O ritmo menor de crescimento neste ano e o temor de contaminação doméstica da crise internacional justificam, aos olhos de alguns setores do governo, postura mais severa. Uma conta recente reforçou a tese: o IPCA dos últimos 12 meses fechou em 7,31% em setembro.
“Se você vê uma tempestade se formar no céu, não pode sair à rua de bermuda e camiseta. Tem que ter um guarda-chuva”, afirma o ministro das Comunicações, Paulo Bernardo, ex-chefe do Planejamento. “O quadro hoje é diferente de 2007, quando aumentamos os salários de muitas categorias.”
A ordem de Dilma é puxar o freio de mão nas despesas correntes agora e manter a despesa controlada também em 2012. De volta da Europa, ela deve hoje discutir o assunto greve na reunião de coordenação do governo.
Com Guido Mantega (Fazenda), tratará especificamente da paralisação dos bancários. Ela determinou ainda que cada ministro atue em sua área específica na busca de soluções que acabem ou evitem paralisações.
“É uma bobagem essa história [de momento delicado]. Estamos num momento bom para greves. Há resultados muito positivos na economia”, discorda Artur Henrique, presidente da CUT.
O Ministério do Planejamento é o principal alvo de queixa nos sindicatos. A pasta nega atitude diferente e cita frase de Lula: “Greve é guerra, não férias”. Só que o ex-presidente sempre flexibilizava: trocava descontos por reposição de dias parados.
Ao menos nos Correios, a orientação é manter os cortes. “É inaceitável abonar tantos dias parados”, diz Wagner Pinheiro, presidente da empresa. Essa linha de ação reforçou o movimento de grupos sindicais que, nos bastidores, ajudaram a circular o “volta, Lula”, tese abafada pelo próprio ex-presidente.

7 Comentários

  1. -Seria surpresa dito do governo sendo administrado pelo PT – Partido que se dizem ser dos Trabalhadores. Na verdade não dão aumento à classe trabalhadora para esconder sua incompetência.
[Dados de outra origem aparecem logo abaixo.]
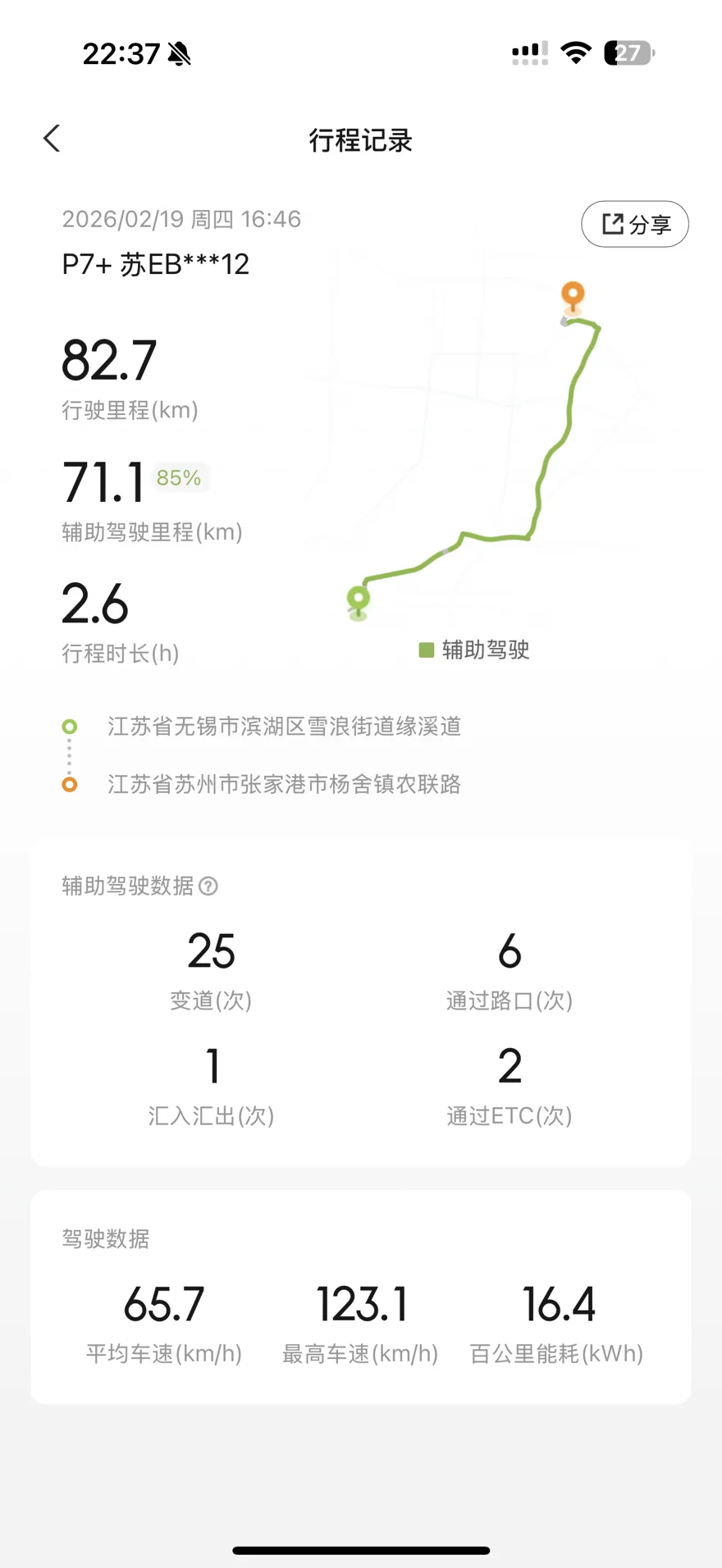 新年新气象,开工大吉! 85%的路程都由小p驾驶,满载四人,高速跑满限速仅仅16.4kwh,小p的能耗控制真是厉害!

  2. Sidnei Belizário de Melo Responder

    Durante sua capanha a Presidência, Dilma Rousseff, as grandes centrais sindicais e sindicatos ligados a essas entidades receberam tratamento complacente do governo, em relação ao controle e à fiscalização do uso do dinheiro público.
    A mostragem extraída do Sistema Integrado de Administração Financeira aponta irregularidades e pendências em pelo menos R$ 162 milhões repassados a estas centrais. E um absurdo, estas intidades até queriam a extição da contribuição confederativa ou assistencial aos sindicatos( aquela contribuição que o trabalhador faz uma vez por ano). O motivo claro uso seria o uso do dinheiro público através do partido governamental ( convênios, Ongs), não teriam motivo de recolher,e enfraqueceria outros sindicatos independentes.

    .

  3. O caso dos bancários é uma falta de respeito com a população, pois os mesmos trabalham pouco ganham bem e ainda fazem greve.
    Quais as categorias que tiveram aumento acima da inflação?
    Os bancários são melhor que os demais trabalhadores?
    Muitos trabalham com ma vontade apesar da baixa carga horária que fazem.

  4. O ministro das comunicações, depois de ter causado a maior greve da historia dos Correios, usando cargos como moeda de troca para conquistar sindicalistas desafetos, tenta mostrar inteligência e corrigir o erro cometido com frases de efeito. Agora agüenta a “tempestade”.

  5. No confronto sindical: Dilma X Lula, amizades a parte mas no meu bolso só o meu trabalho resolve.O governo já arrecadou este ano mais de UM TRILHÃO DE REAIS EM IMPOSTOS, será que uma boa conduta diante entre governo e administração ainda se fala em inflação? Manda essa turma ir trabalhar para ser futuro; se não forem em 3 dias de a conta e contrate outros! ou privatiza tudo e cobra mais impostos.

  6. Tá certo a presidente Dilma, senão estão contente com o salário, peçam demissão e vão trabalhar em outras empresas.